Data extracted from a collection
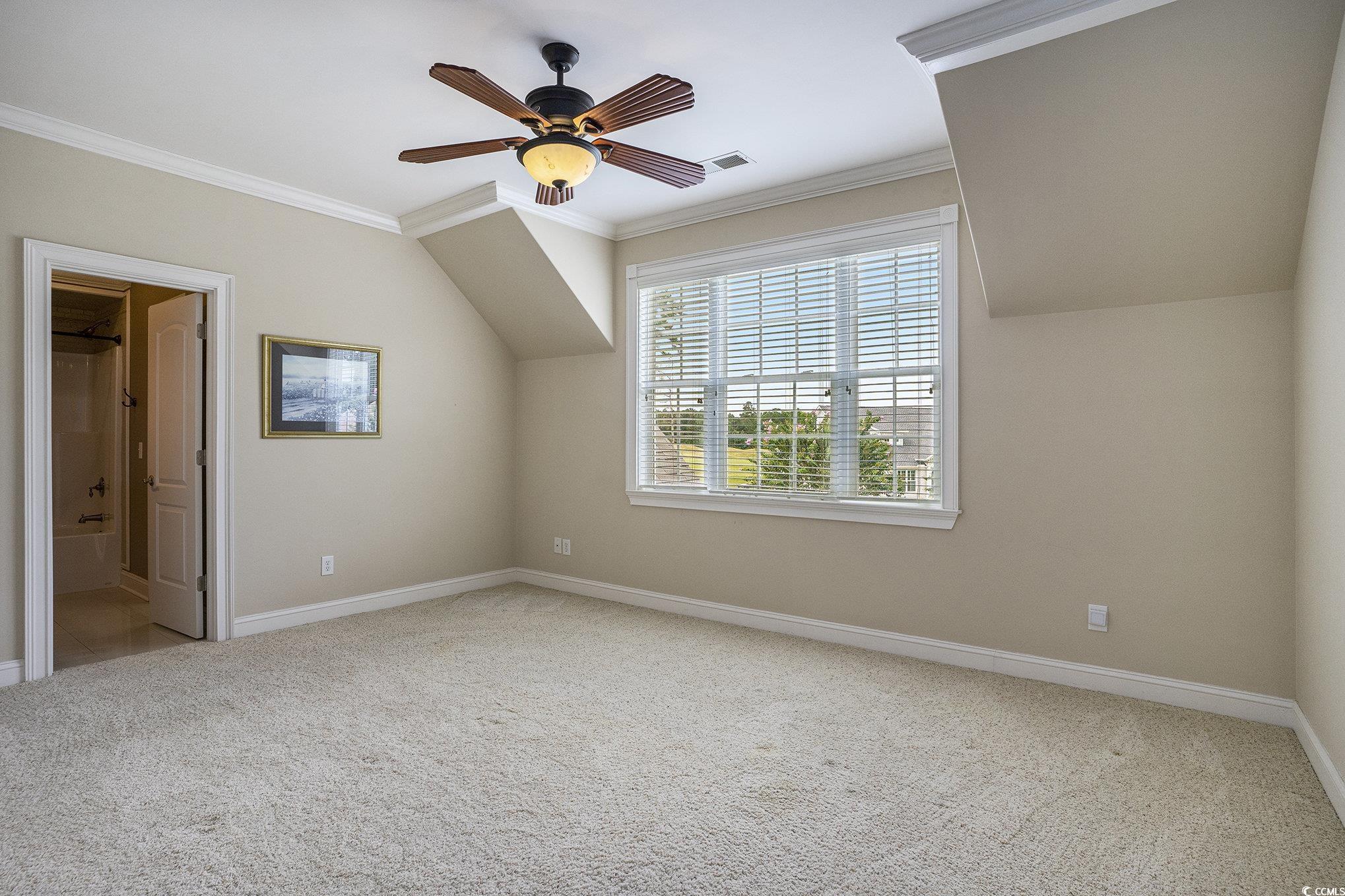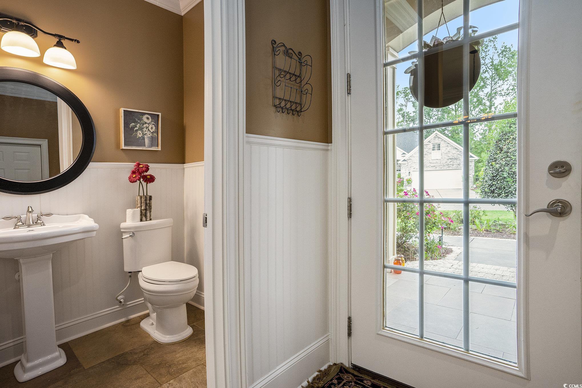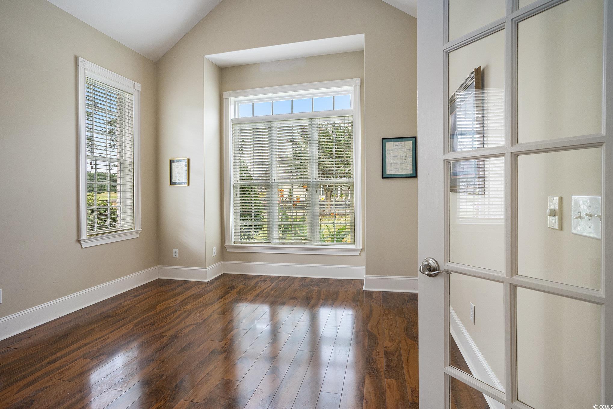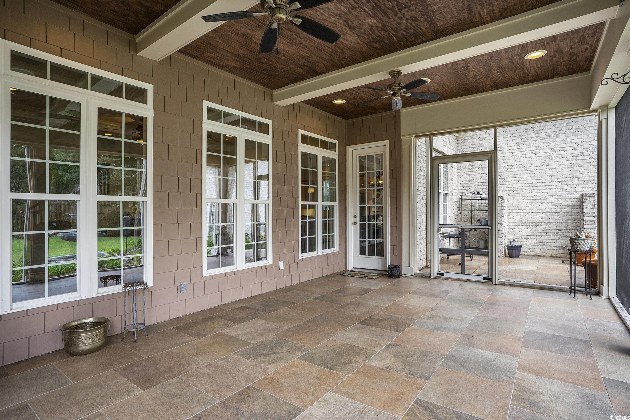 This custom-built 4-bedroom, 4.5-bathroom home sits on a corner lot in the desirable Long Bay golf community. It features a 2+ car garage with golf cart storage and a finished living space above. Inside, you'll find coffered and tray ceilings, hardwood floors, and high-end custom finishes throughout. The gourmet kitchen includes an island and handcrafted cabinetry, complemented by a formal dining room, home office, and a main-level primary suite with dual vanities and his-and-hers walk-in closets. Enjoy outdoor living with a charming front porch, two spacious driveways, a large screened-in patio, and a beautifully landscaped backyard with a fountain. This property is ideal as a primary residence, vacation home, or investment opportunity. Located just 20 minutes from the beach, Long Bay is a quiet, established golf community with low HOA fees, a clubhouse, and a community pool. Conveniently accessible via Highways 9 and 31, it's close to North Myrtle Beach and all the attractions of the Grand Strand.
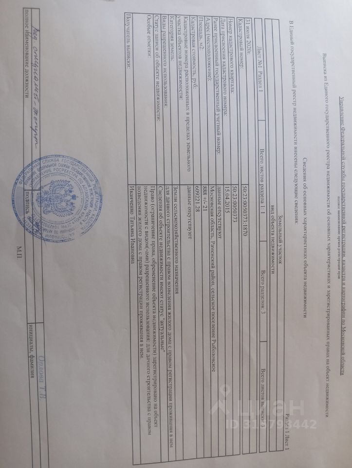 Кадастровый номер участка 50:23:0050373:*** указал продавец
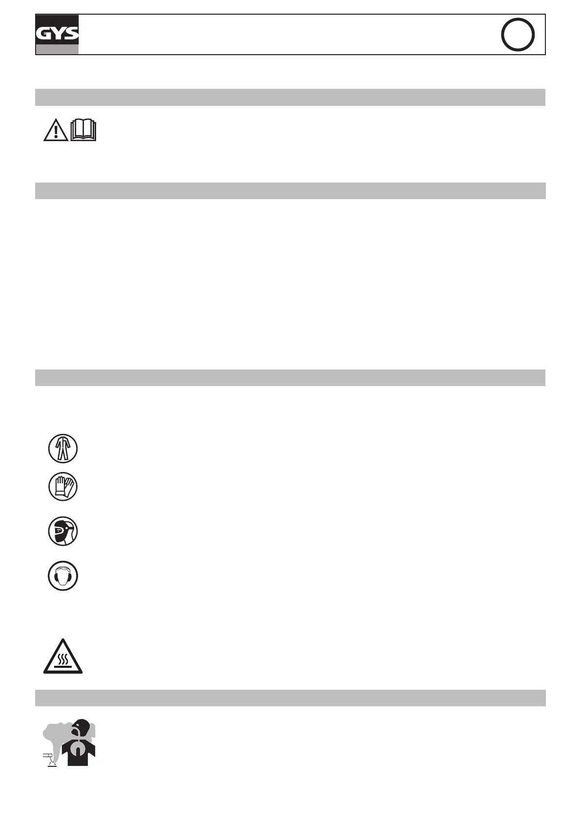 In order to protect you from burns and radiations, wear clothing without cuffs. These clothes must be insulated, dry, reproof and
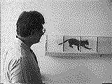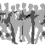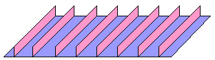 | Viel besser ist eine streifenförmige Anordnung von Zylinderlinsen auf einem Linienrasterbild. Je nach Blickrichtung zeigen die Linsen verschiedene Streifen des Bildes, die mehr oder wenig raffiniert angeordnet Wackelbildchen für Kinder ergeben oder 3-D-Ansichten zeigen (beim beidäugigen Sehen ist die Blickrichtung der Augen verschieden). | ![]() |
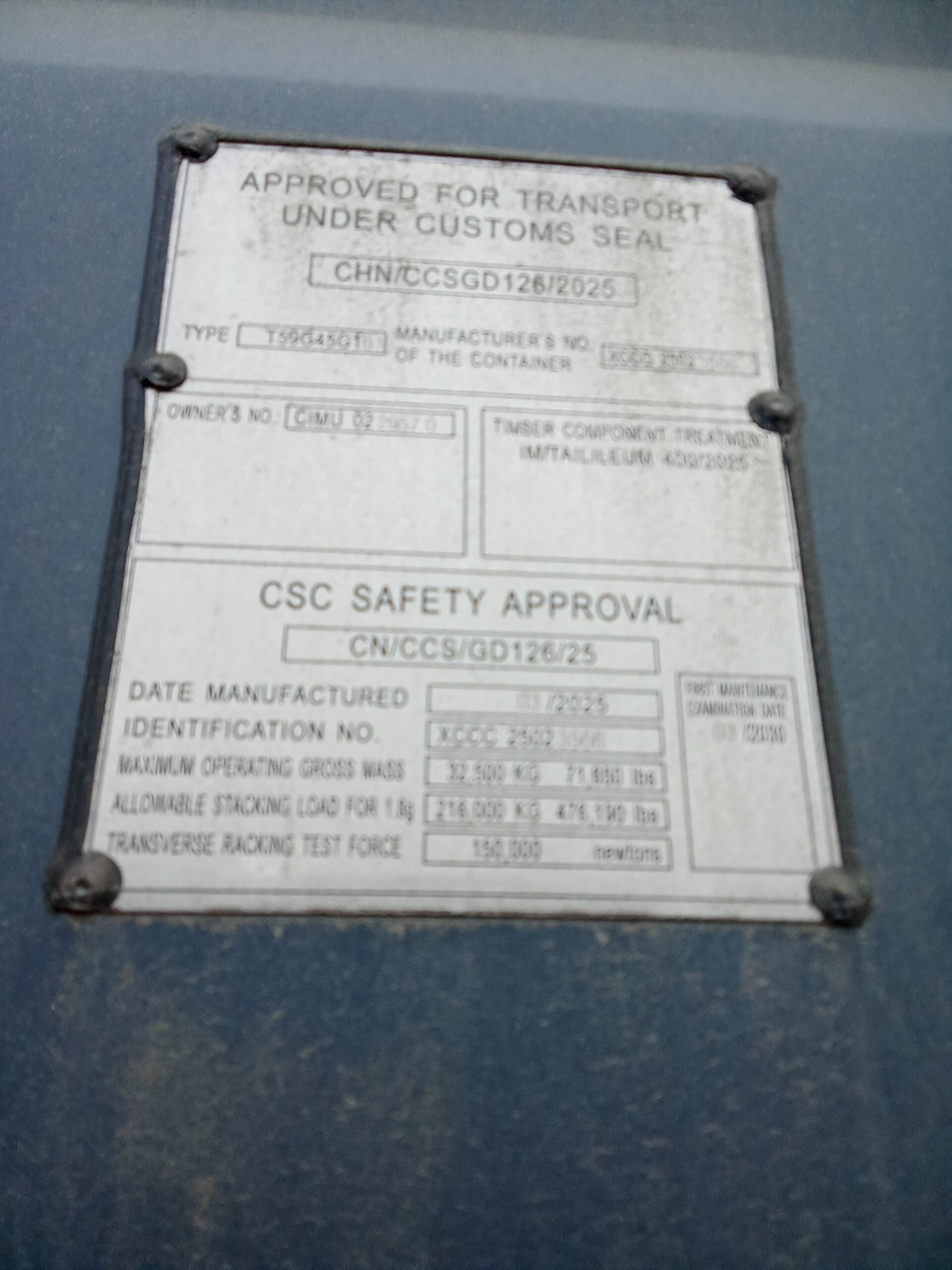| Typ kontenera | 12m/40'HC |
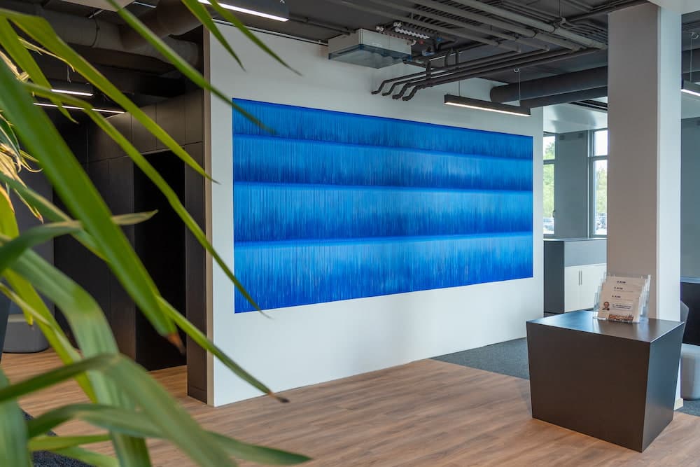 Das Werk „Energiefeld“ nimmt die gesamte Wand unseres Eingangsbereichs ein und schafft durch intensive Blautöne eine Atmosphäre der Ruhe und Energie. Schröder arbeitet mit feinen Linien und Schwingungen, die an digitale Strukturen erinnern – eine Hommage an die Verbindung von Technik und Kunst, die auch bei R-KOM gelebt wird.
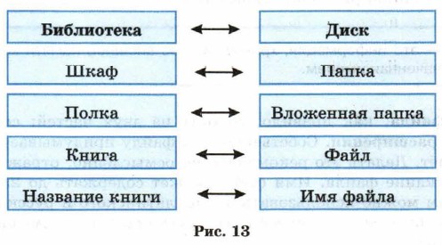 Каждый файл хранится в папке или во вложенной папке (папка, расположенная внутри папки). Пусть, например, на жёстком диске компьютера записано несколько игр. Игра представляет собой набор файлов. Каждая игра хранится в отдельной папке, при этом все папки с играми для удобства могут быть вложены в одну общую папку с именем «Игры». Система хранения файлов напоминает хранение большого количества книг в библиотеке (рис. 13).
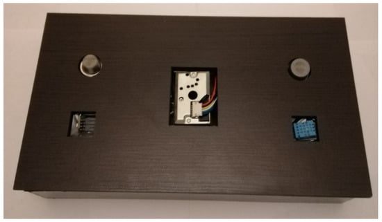 A wooden box of size 27 cm × 15 cm was designed and created to contain all of the sensors and microcontrollers to create an air-quality monitoring device, as depicted in Figure 3. An IoT box was provided with a moving mechanism at the bottom to allow the sensors, microcontrollers, and batteries to fit in easily as clearly shown in Figure 4. After the box was assembled, tests were performed to make sure that the sensors were sending readings to their specific channel on the Thingspeak platform.
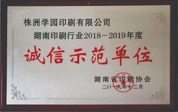 湖南印刷行业2018-2019年度诚信示范单位
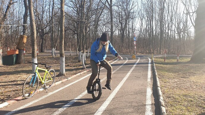 Like I said earlier, the advantage of trying to get into SIF while riding is in my opinion, that you get a feeling for the behaviour of the uni and how to counteract, because the transition is gradual. This gives you time to adapt. Maybe a good start would be to stand up while riding and grab the seat, but at the center instead of the front. When you feel somewhat confident just move that seat forward and continue riding. Oh, and make sure to lower that seat beforehand! ![]()
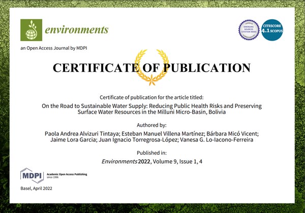 “On the Road to Sustainable Water Supply: Reducing Public Health Risks and Preserving Surface Water Resources in the Milluni Micro-Basin, Bolivia “, publicado en el Journal Environments, https://doi.org/10.3390/environments9010004
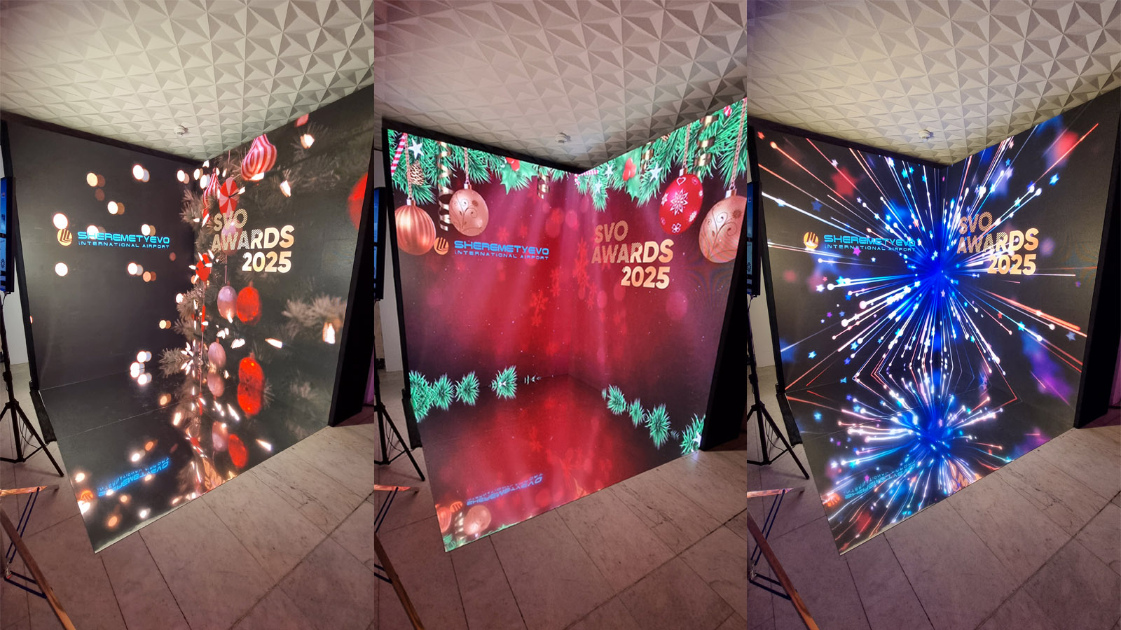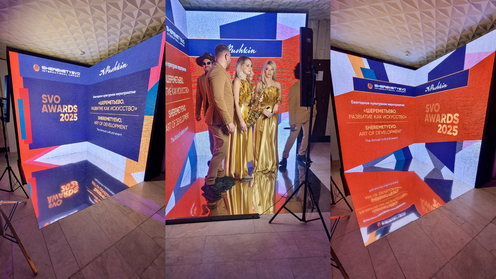 Угловая светодиодная фотозона для SVO Awards — воплощение концепции «Развитие как искусство» в Шереметьево не просто зона для селфи, а мультимедийный перформанс, который:

Work item: Your task is to copy only the lines above starting at the one containing "In order to" and ending at the one containing "kontenera | 12m/40'HC |". Copy them exactly, both ends included, and omit the pictures.

Exercise output:
 In order to protect you from burns and radiations, wear clothing without cuffs. These clothes must be insulated, dry, reproof and
 | Viel besser ist eine streifenförmige Anordnung von Zylinderlinsen auf einem Linienrasterbild. Je nach Blickrichtung zeigen die Linsen verschiedene Streifen des Bildes, die mehr oder wenig raffiniert angeordnet Wackelbildchen für Kinder ergeben oder 3-D-Ansichten zeigen (beim beidäugigen Sehen ist die Blickrichtung der Augen verschieden). | ![]() |
| Typ kontenera | 12m/40'HC |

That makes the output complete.